There developed a perfect storm, a fusion of factors that would profoundly influence events in Quebec. The Geist turned towards violence.

Vive le Quebec Libre

The most important disturbing element was the support that France’s President, Charles de Gaulle, gave to Quebec separation and to the associated political and social forces. De Gaulle’s “Vive le Quebec Libre” speech before an adoring crowd before Montreal City Hall, on the 24th of July, 1967. Mario Bachand being one of the spectators.

From that point, Quebecers were aware that France, the most important and influential European power, member of the UN Security Council, closely linked to several African and other francophone countries across the globe, supported Quebec separation from Canada independence. Given that separation and independence can only succeed by international recognition, via the United Nations, the support of France posed an existential threat.

The loss of Quebec, with almost a quarter of Canada’s population and of its land mass, which played a major historical role in Canada’s construction, would leave the country torn asunder. The resulting social, political, and economic violence and disorder would make her easy prey to predatory nations, particularly the adjacent United States, that would wish to take advantage of her plight.

While France itself, her citizens and her state and governmental institutions, had little or no support for de Gaulle’s quixotic passion for Quebec separation, the President was the heart of the state apparatus. In France, all roads lead to Paris. In Paris, all roads lead to the Elysée Palace, and to the president.

While virtually all Canadian citizens, including those in public office, academics and journalists, had only a limited, even nonexistent, awareness of de Gaulle’s carefully thought out program to dismember Canada, Prime Minister Pierre Trudeau, his close confidants and officials, such as his Principal Secretary Marc Lalonde, Solicitor-General Goyer, Michael Pitfield, Jean Marchand, and officials of the Department of External Affairs, in particular Undersecretary of State Marcel Cadieux, were acutely aware.

In in 1968 and 1969 there were further events that further heightened the concern.

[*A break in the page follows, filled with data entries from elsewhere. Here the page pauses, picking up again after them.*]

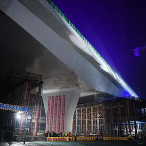 10月18日凌晨,由中國中鐵電氣化局集團有限公司承建的石家莊市中華北大街上跨西環(huán)線(xiàn)鐵路T型剛構橋成功轉體。據介紹,該橋重達21000多噸,施工單位采用精準控制手段,在規定的時(shí)間內完成轉體,最大程度減小對鐵路運營(yíng)的影響。
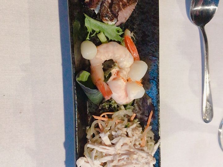 鶏胸肉・サーモン共にしっとりと仕上がっており、ヘルシーながらも満足できました。白ワインをサーブしていただきました。
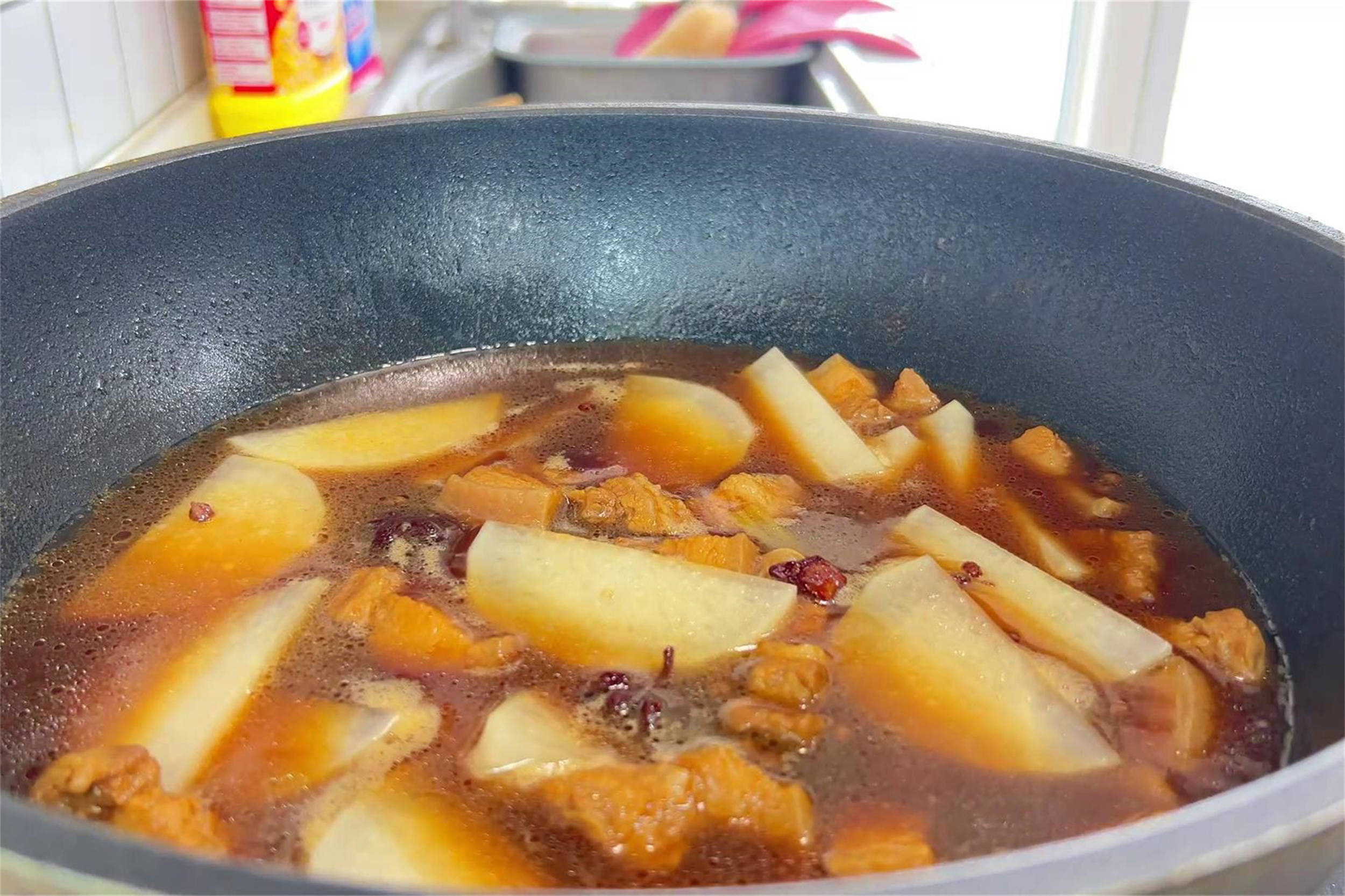 3、白萝卜洗净去皮,切片放入锅中,炖煮20分钟。
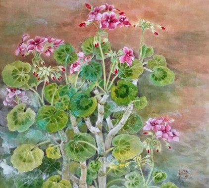 Using oriental mineral pigments on Korean mulberry paper, Mihae layers many light washes of paint to create subtle depth and variation of color.
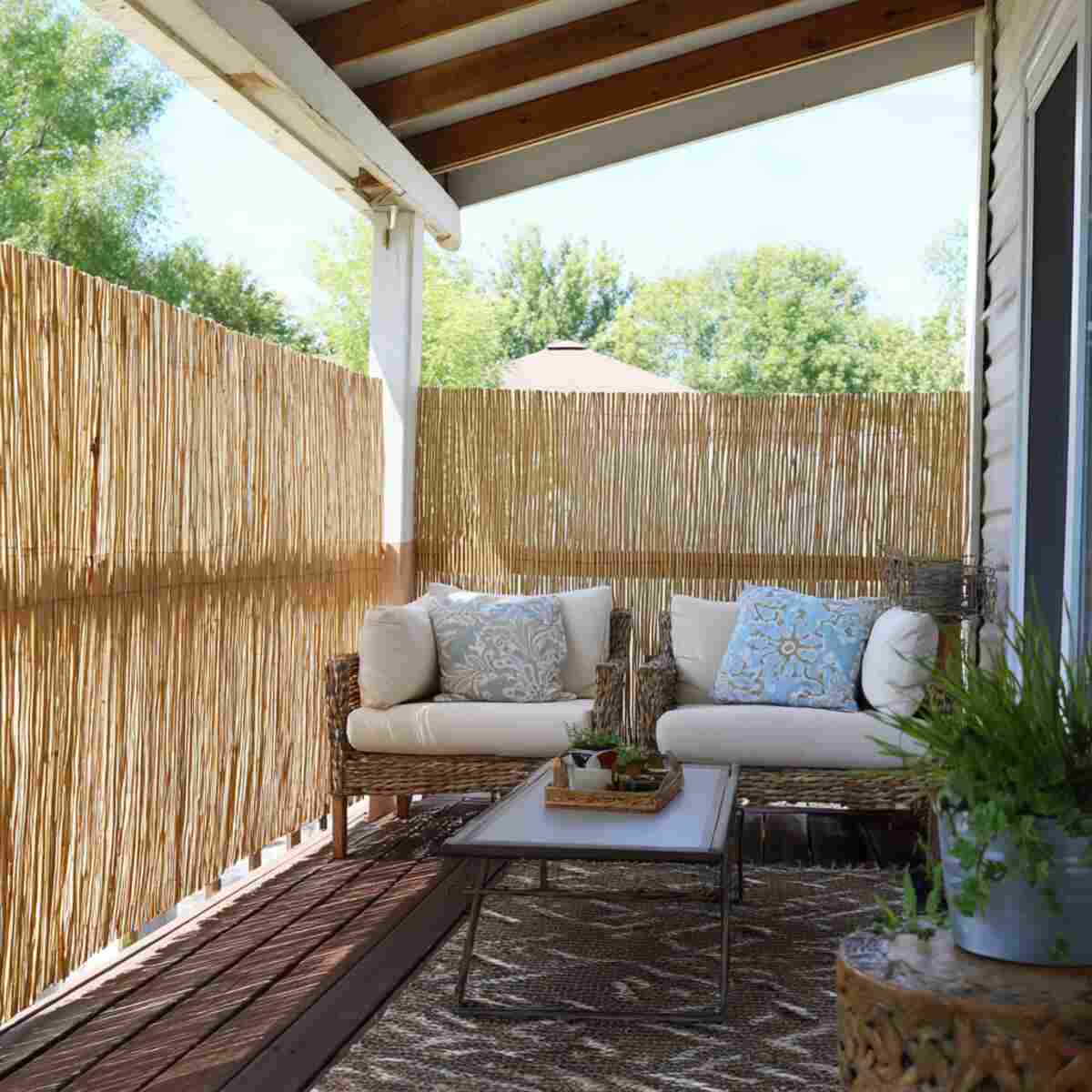Reed or grass fencing is a quick solution often used in DIY Porch Privacy Screen Ideas for instant results. It attaches easily to railings or frames and creates a relaxed, outdoor feel.

The French government began to take opportunities to treat Quebec as a country, a hostile act quite contrary to accepted practice between nation states. Understandably, because it threatened their territorial integrity. At times, the French actions appeared petty. For example, a government communique on the 30th of April, 1968, following a France-Quebec financial cooperation committee, that referred to Quebec as “a country”. A second example, in February, 1968, under French suasion, Gabon invited the Quebec’s minister of education to a meeting of ministers of education of francophone states.

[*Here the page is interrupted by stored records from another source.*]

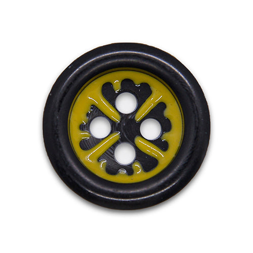 1 1/8" 4-hole plastic button in black with glossy spiced turmeric accents and a raised rim.
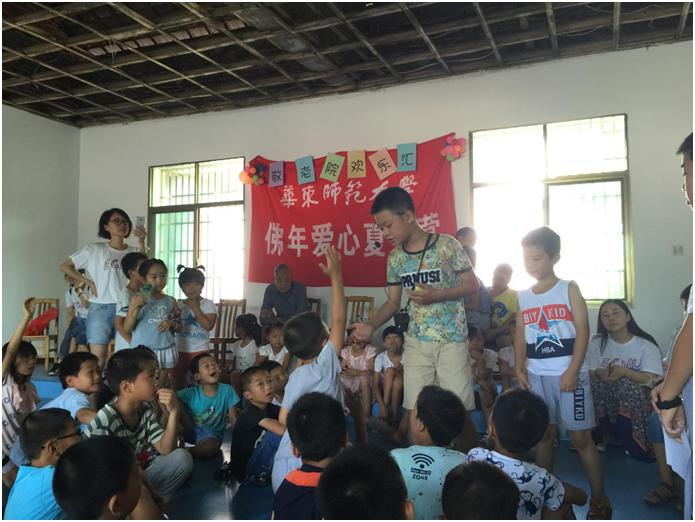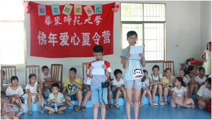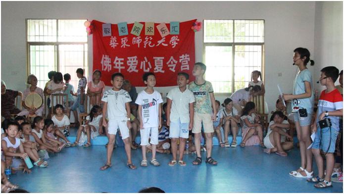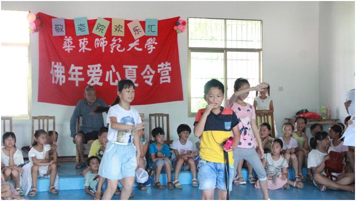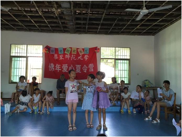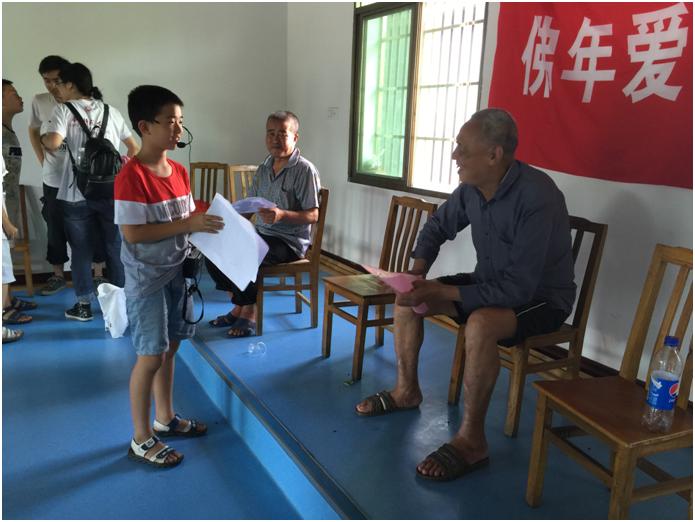 上午9点10分,全员到达目的地——沩山镇第一敬老院。由于带队老师吴丹和佛年学校的易老师已经提前到达敬老院做前期准备工作,所以我们大部队到达的时候会场已经布置完毕。9点30分,在小朋友们雷鸣般的掌声中以及老人们的期待中,敬老院欢乐汇活动在两位小主持的宣布下正式拉开帷幕。
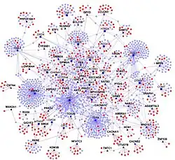 - ^ Schwikowski B, Uetz P, Fields S (December 2000). "A network of protein-protein interactions in yeast". Nature Biotechnology. 18 (12): 1257–1261. doi:10.1038/82360. PMID 11101803. S2CID 3009359.
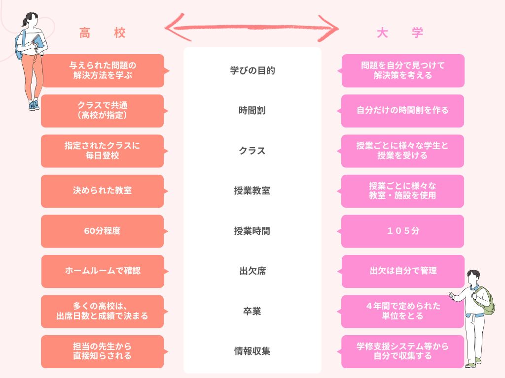 高校と大学では学び方が大きく異なるため、受け身の姿勢のまま大学生活を過ごしてしまうと、単位が取れず卒業できなかったり、

Meanwhile, the RCMP became aware of  SDECE operatives in Quebec, including providing support to separatist elements. It appeared that these elements included the FLQ, the severity of which, if true, would come close to a declaration of war.

The Parti Québecois

The most serious addition to the overall threat arrived in October 1968, with the founding of the Parti Québecois (PQ), under the leadership of  René Lévesque. Lévesque had a classical education, a once television journalist with a quick and easy manor, beloved by Quebecers. While he was without the brilliance, discipline and fighting spirit of Pierre Trudeau,  he, too, had a classical education, and was very intelligent.  With his silver tongue he could, and usually did, bring crowds to their feet.

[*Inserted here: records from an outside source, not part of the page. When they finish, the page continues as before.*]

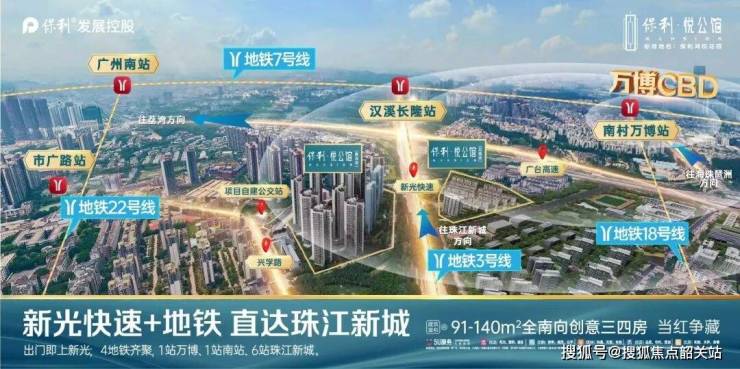 除了依托万博CBD的发展红利,保利悦公馆的交通优势也十分突出,打造“半小时通达主城区、1小时畅达粤港澳”的高效交通格局,彻底解决购房者的通勤困扰。项目坐拥“5横5纵”立体交通路网,5条横向高速分别为新光快速、华南快速、番禺大道、市广路、东新高速,5条纵向干道分别为汉溪大道、南大干线(建设中)、广明高速、东环路、兴业大道,出门即达新光快速,自驾出行可快速通达广州各个核心区域,无论是去天河、海珠,还是去南沙、佛山,都能畅通无阻。
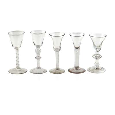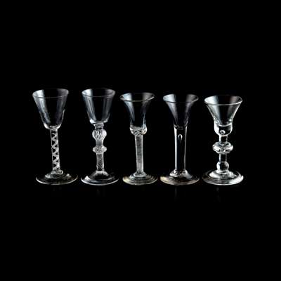 comprising three with air-twist stems, 17cm and 16cm high; a glass with an annulated knopped stem and folded foot, 15.5cm high; and a glass with an air-bubble to its straight stem, 16cm high
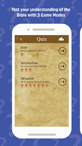 - Test your knowledge on the Bible in the challenge mode. Basic challenge has a set of 3 questions while advanced challenge has a set of 5 questions.
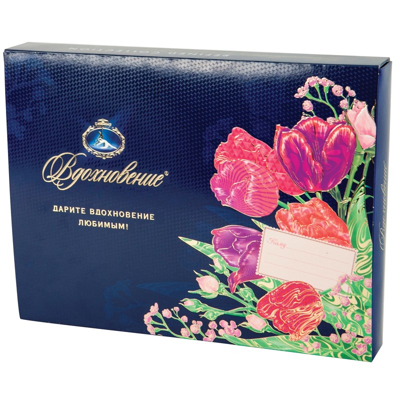 Название торговой марки Вдохновение Торговая марка Вдохновение Вес изделия нетто 150 г Тип упаковки картонная упаковка Схема вложения 8 Наполнитель марципан Страна производства Россия Вид шоколада темный Вид конфет шоколадные конфеты Размер упаковки 195х253х40 мм Артикул 393361 -
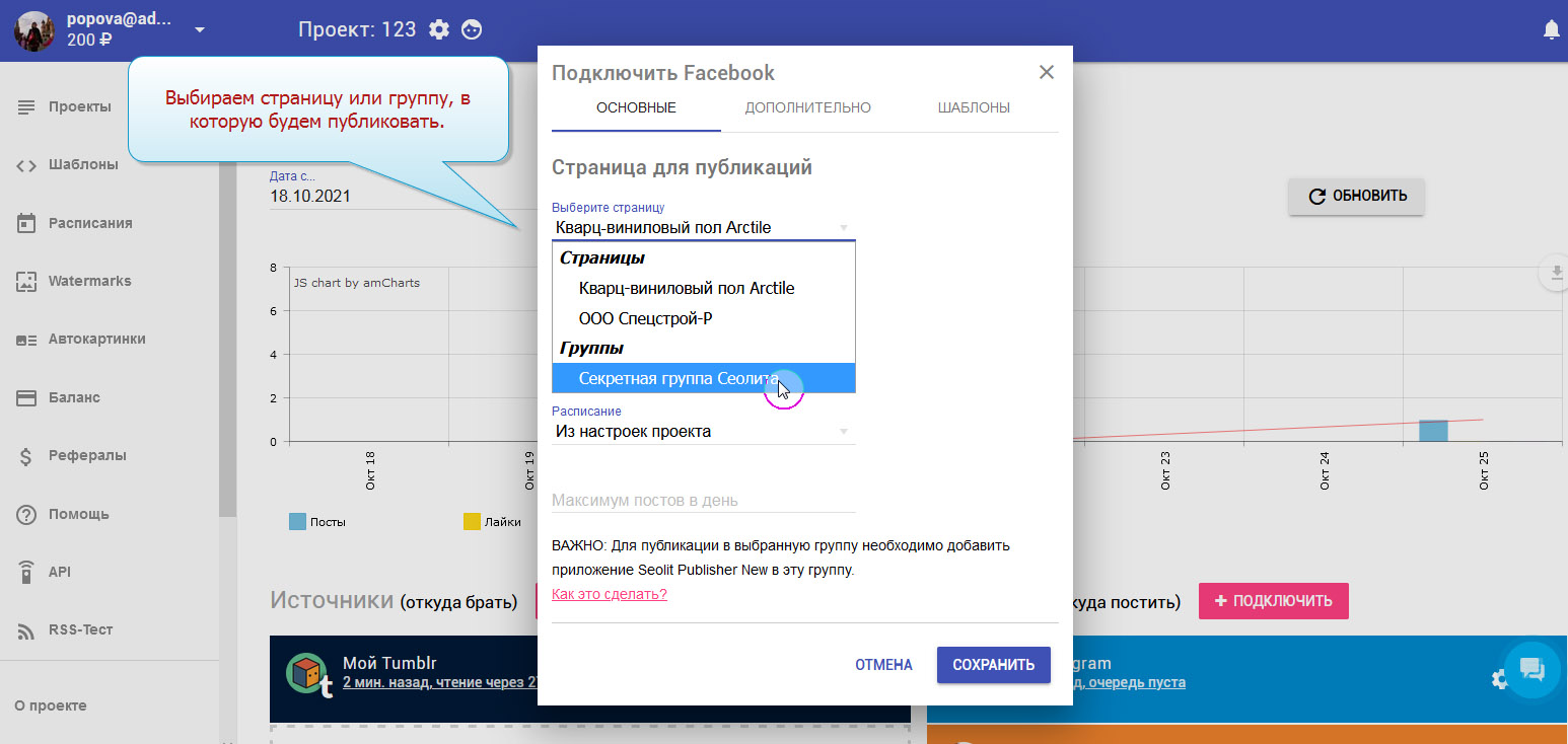 6. Выбираем страницу или группу, в которую будем публиковать.

The very presence of the PQ on the political scene in Quebec meant that, at some time in the future, they would form a Quebec government. That meant a referendum on Quebec separation.

PQ’s separatist program, with support of the French government of Charles de Gaulle, formed a dagger pointed at the heart of Canada.

There developed a rising tempo of violence and civil disorder in Quebec, chiefly in Montreal.

Crime in the national interest

It was  the sum total of these elements that led the government of Pierre Trudeau to begin measures to enable ‘Crime in the national interest’, which soon developed sinister implication.